Lent or Great Lent (or Great Fast) is a forty-day penitential season in the annual liturgical calendar of major Christian denominations. It is a preparation for Easter, which celebrates Christianity’s central belief — namely, the resurrection of Jesus from the dead.

Lent takes place during the northern hemisphere Spring and involves practices of penance, such as fasting, prayer and almsgiving. A forty-day Lenten fast became common practice among Christian communities by the fourth century CE, when church councils legislated for its universal observance.

Lent as spiritual renewal

The word “Lent” comes from the Anglo-Saxon lencten, which means “springtime”. Like Spring, Lent is a time of renewal and growth — spiritual, relational, personal — in the lead-up to the “new life” of Easter.

Lent is meant to dispose Christians to commemorate the central events or mysteries of Christianity during the “Sacred Triduum” (“sacred three days”), also known as the Paschal or Easter Triduum. The Triduum consists of Maundy (or Holy) Thursday, Good Friday, and Easter Sunday. During these days, Jesus’s last supper with his disciple, his trial, torturous “passion”, and self-sacrificial death are remembered, and then culminate in the celebration of his life-affirming resurrection.

During these three days, the most important annual liturgies are celebrated for the Catholic, Orthodox, Anglican, Lutheran and other Christian churches. In the Catholic Church, the rituals can be regarded as one single liturgy stretching over three days. Each church commemorates the events in different ways, though with some major similarities (such as readings of Jesus’s suffering and death from the Gospels).
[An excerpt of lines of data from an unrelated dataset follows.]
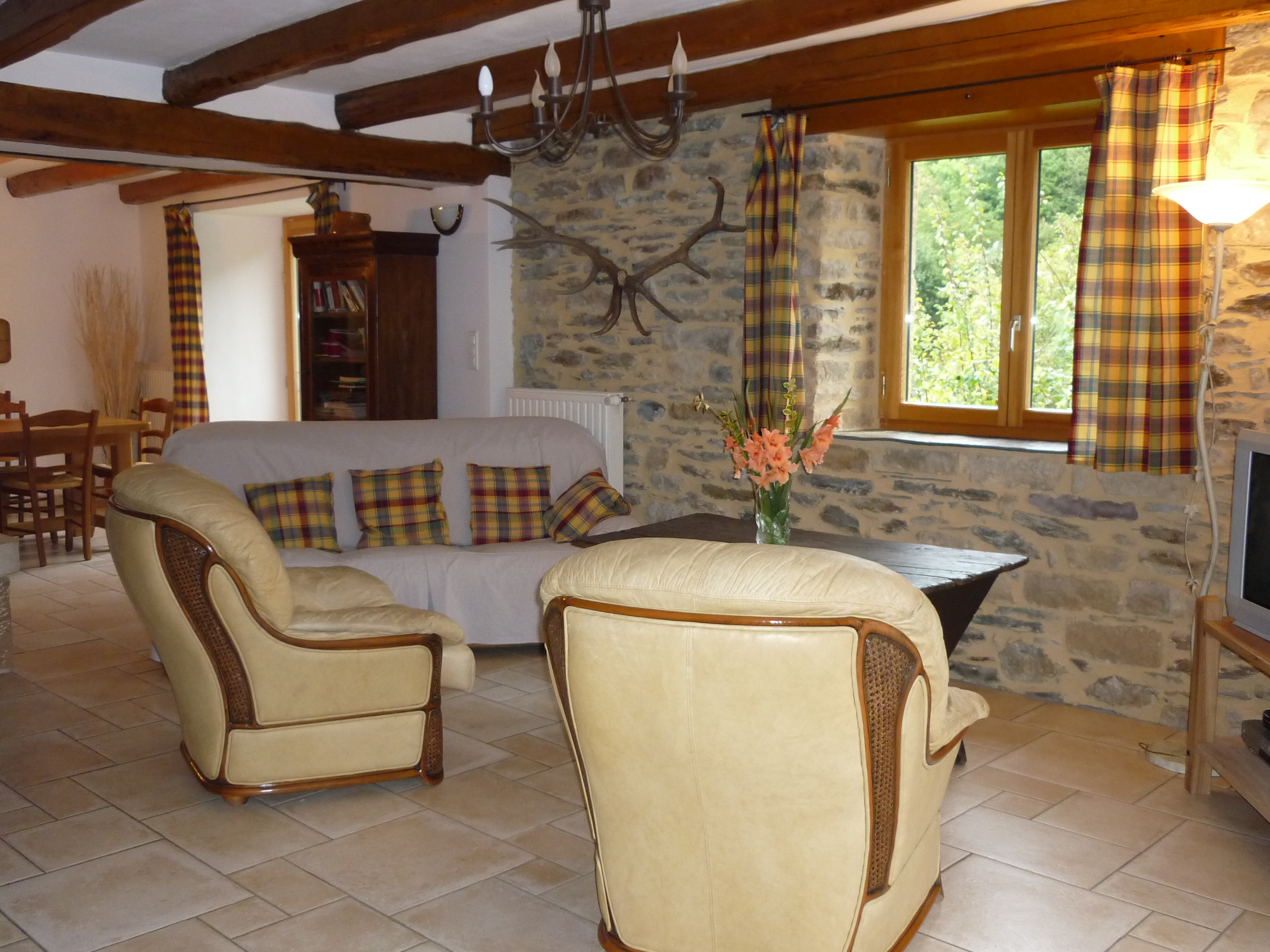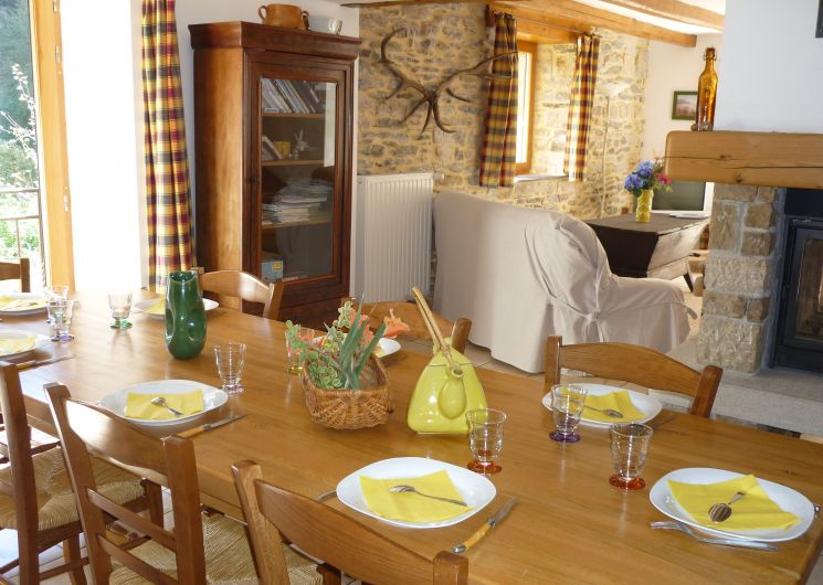 Maison de village spacieuse tout confort, dans un très joli petit village cévenol chargé d’histoire. Au rez-de-chaussée : grand séjour/salon (connexion internet, télévision, magnétoscope, lecteur DVD, cheminée insert), cuisine intégrée (lave-vaisselle, micro-ondes), cellier ( lave-linge), WC. A l’étage : salle de bains, WC indépendants, 1 chambre (1 lit 2 places en 160), 1 chambre (1 lit 2 places et 1 lit 1 place, dressing et salle d’eau privés), 1 chambre (1 lit 2 places et 1 lit 1 place en mezzanine). Chauffage central. Terrasse fermée avec salon de jardin et barbecue, cour, table de ping-pong et parking privés, abri voitures couvert privatif. Animaux acceptés gratuitement. Épicerie à 5km. Pain à 5km.
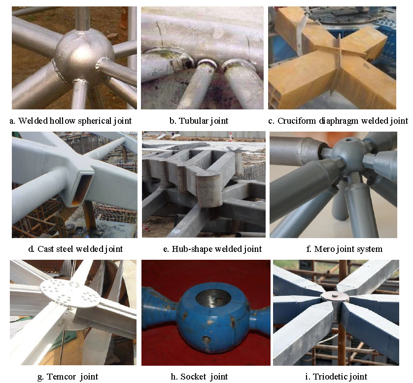 罗马尼亚布加勒斯特穹顶1961年建成,跨度约93.6米,矢跨比约1:5。钢管杆件构成的单层网壳,网格呈等边三角形式,支承在沿圆形周边布置的混凝土柱上。在网格的节点处有三个方向钢管汇交,如何连接?
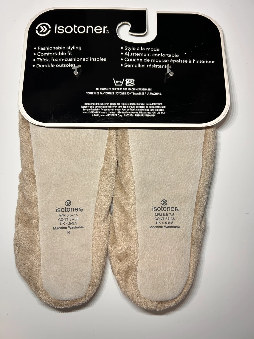 Keep your feet cozy with these Isotoner women's slippers! They're a size M/M (6.5-7.5). These slippers feature a fashionable styling and a comfortable fit. They also have thick, foam-cushioned insoles and durable outsoles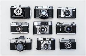 A flat lay of various vintage cameras showcasing classic photographic equipment.
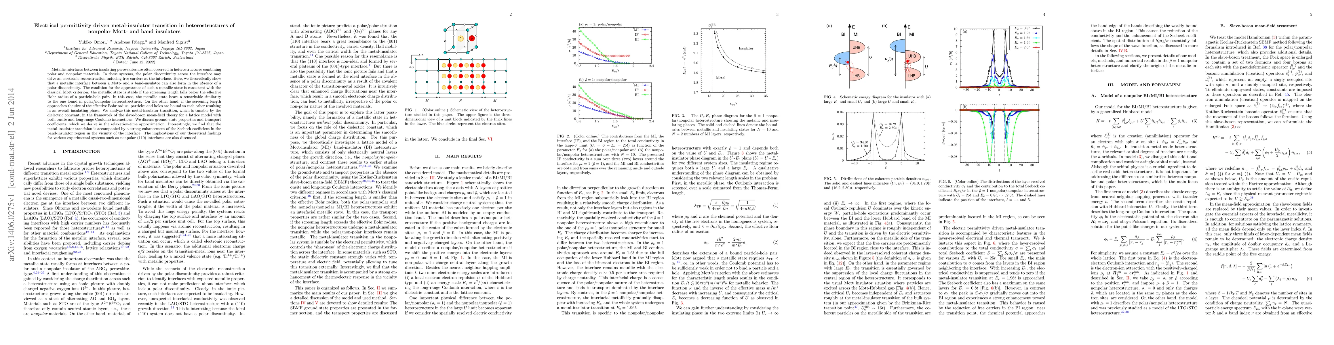 This paper theoretically demonstrates a metal-insulator transition in heterostructures combining Mott and band insulators without a polar discontinuity, driven by electrical permittivity. The transition is governed by the screening length relative to the effective Bohr radius, leading to metallic or insulating states, and is accompanied by a strong enhancement of the Seebeck coefficient near the interface.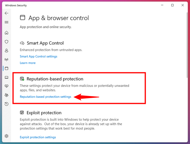 Los controles de SmartScreen se encuentran en la configuración de protección basada en reputación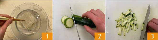 Para preparar o espaguete de arroz com legumes, prima di tutto immergete i noodles in acqua fredda o leggermente tiepida e lasciateli in ammollo per circa 25-30 minuti 1. Nel frattempo occupatevi degli altri ingredienti: tagliate le zucchine prima a fettine in obliquo 2 e poi a julienne 3.<\/p>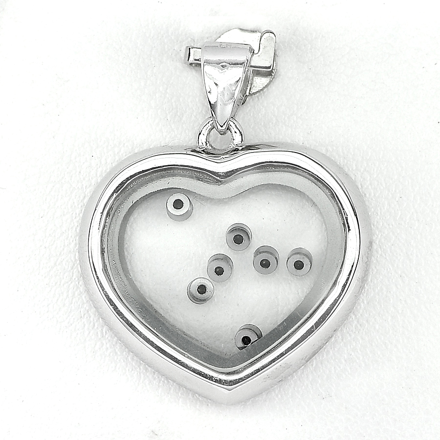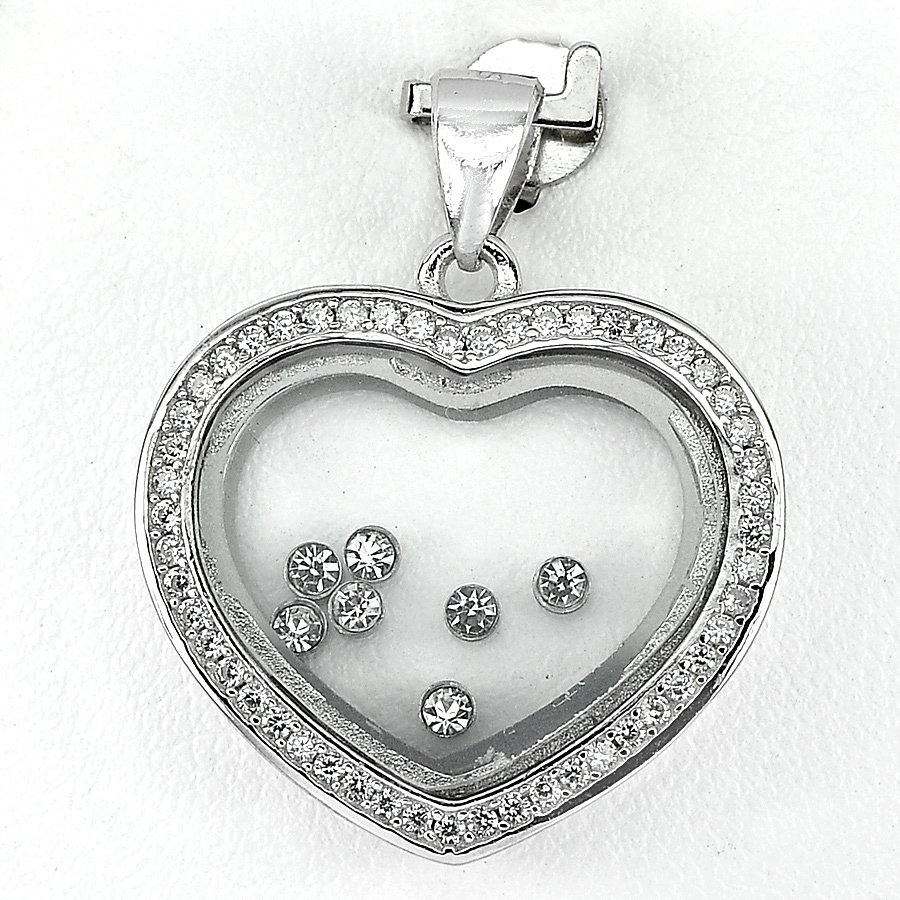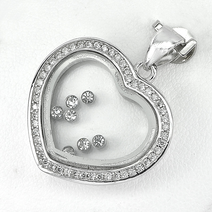 6.66 G. Round Cz White Real 925 Sterling Silver Jewelry Heart Pendant Beautiful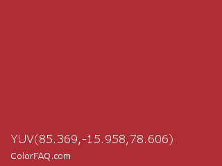 YUV 85.369,-15.958,78.606 Color is a normal red color and the nearest color is Well Read #b43332. Hex code #af2e35 and RGB value is rgb(175,46,53). In RGB color space, this color is composed of 69% red, 18% green, 21% blue, In CMYK color space, this color is composed of 0% cyan, 74% magenta, 70% yellow , 31% black , In HSL color space, this color has a hue angle of 357° , 58% saturation and 43% lightness.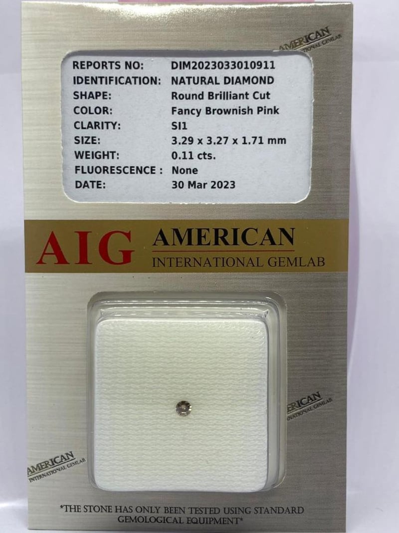 Shape: Round Brilliant Cut Color: Fancy Brownish Pink Clarity: Si1

The liturgies of the Sacred Triduum are a celebration and an encounter, not a historical re-enactment. They are solemn, because they involve the most important mysteries of existence: life and death, sin and evil, suffering and injustice, love and forgiveness, God and humanity. Liturgy is about ritualising an encounter with “mystery” — that is, with the deepest elements of life that cannot be easily verbalised, but can only be experienced. Liturgy expresses the ultimate meaning in our lives rather than just the facticity of things.

In other words, liturgies involve the deepest meaning and realities of life — most importantly, the mystery of existence itself and of our relationship with the source of existence (the reason why “there is anything rather than nothing”). According to Jews and Christians, the source of being, God, has reached from outside of space and time into our finite reality to relate to us and love us. For Christians, this relationship goes so far as God becoming one of us and dying and rising for our sake. None of this is for God’s benefit — for God is perfect and complete in his own life — but is done out of gratuitous love.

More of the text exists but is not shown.